Gold and Silver in Shanghai climbed aggressively with silver up 5.5 percent to Rmb 4,625/kg and gold was up 2.9 percent at Rmb 3,696/g.  

Equities in the West yesterday were under pressure, again on the back of concerns over QE tapering that saw the Euro Stoxx 50 fall 0.6 percent and the Dow close down 1.5 percent – US treasuries also fell – the combination of that may well have prompted some safe-haven buying in bullion as money rotated out of those asset classes and back into bullion. Equities in Asia are mixed, the Nikkei is down 0.8 percent as there has been no follow up confirmation that the government is looking to reduce corporation tax, the Hang Seng is off 0.3 percent, the Kospi is down 0.2 percent and China’s CSI 300 is little changed.

Currencies – the dollar was choppy yesterday with the dollar index initially jumping on the back of the jobless data to 81.93 from around 81.50, but then fell to a low of 81.09 later in the afternoon - it is last at 81.29. The euro is stronger, last at 1.3335, as are cable at 1.5624, the aussie at 0.9154 and the yuan at 6.1111, while the yen is treading water around the 97.60 area.

The economic agenda is busy today with EU CPI, current account and trade balance data out, while in the US we get housing starts, non-farm productivity, unit labour costs and the University of Michigan consumer sentiment and inflation expectations – see table attached for more details.

For now bullion seems to be in the spotlight – there has a significant increase in chatter about bullion in recent days and the move higher in gold above $1,348.75 has triggered a wave of buying/short-covering.
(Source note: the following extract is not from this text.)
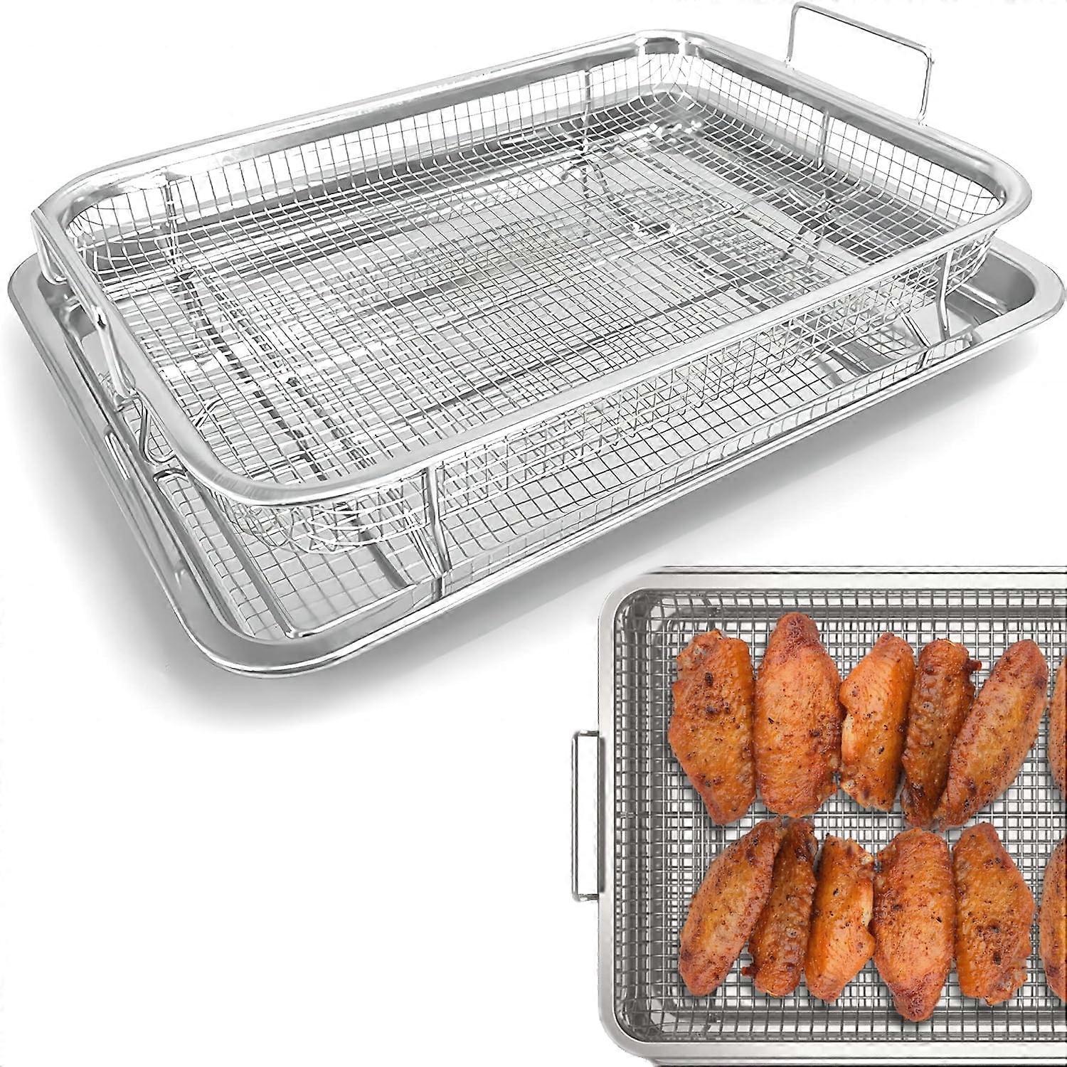 GoXteam Air Fryer Basket for Oven - Stainless Steel Baking Sheet with Wire Rack, Nonstick Crisper Tray Compatible with 12.8 x 9.6 Inch
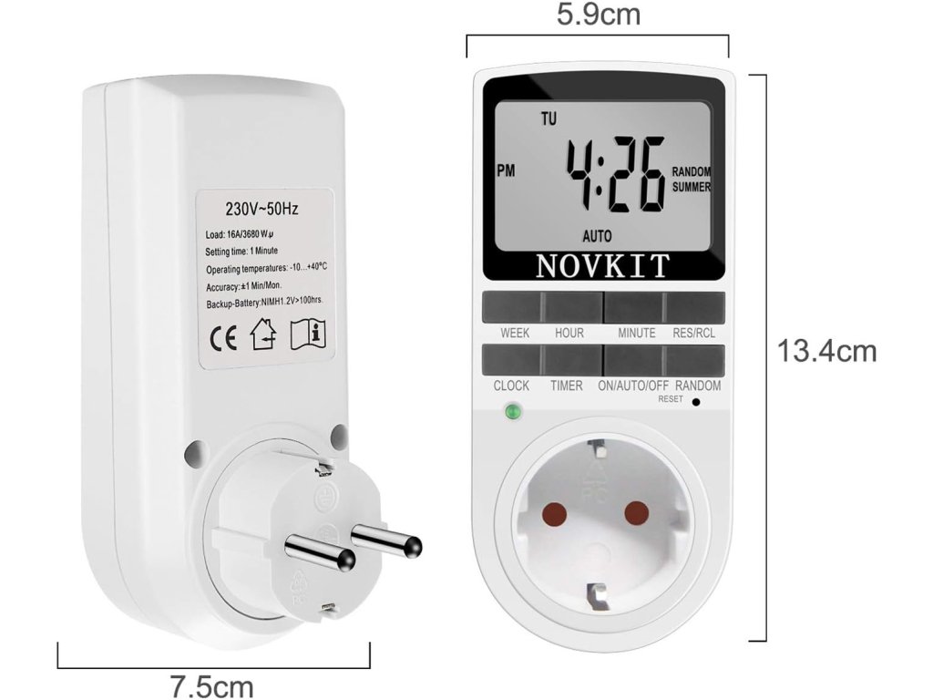 Šetřete energii a automatizujte svou domácnost s digitálními spínacími hodinami NOVKIT do zásuvky. Tyto praktické časovače s německou zásuvkou i zástrčkou vám umožní snadno a rychle programovat automatické zapínání a vypínání domácích spotřebičů, čímž snížíte spotřebu energie a účty za elektřinu.

With the dollar also failing to hold on to its gains following the release of the initial jobless claims data, the weaker dollar does seem to have lit a fire under the base metals too. Like gold, a number of the base metals were poised under important resistance levels, so it does look as though we are seeing strength on the back of dollar weakness, a pick-up in sentiment about China’s consumption and technical signals as resistance levels have been overcome.

It will now be interesting to see how the market handles these breakouts and how soon the selling steps in. On balance we feel sentiment has become a bit more bullish and that might well drive more short-covering, but we feel higher prices for the industrial metals will attract producer hedging.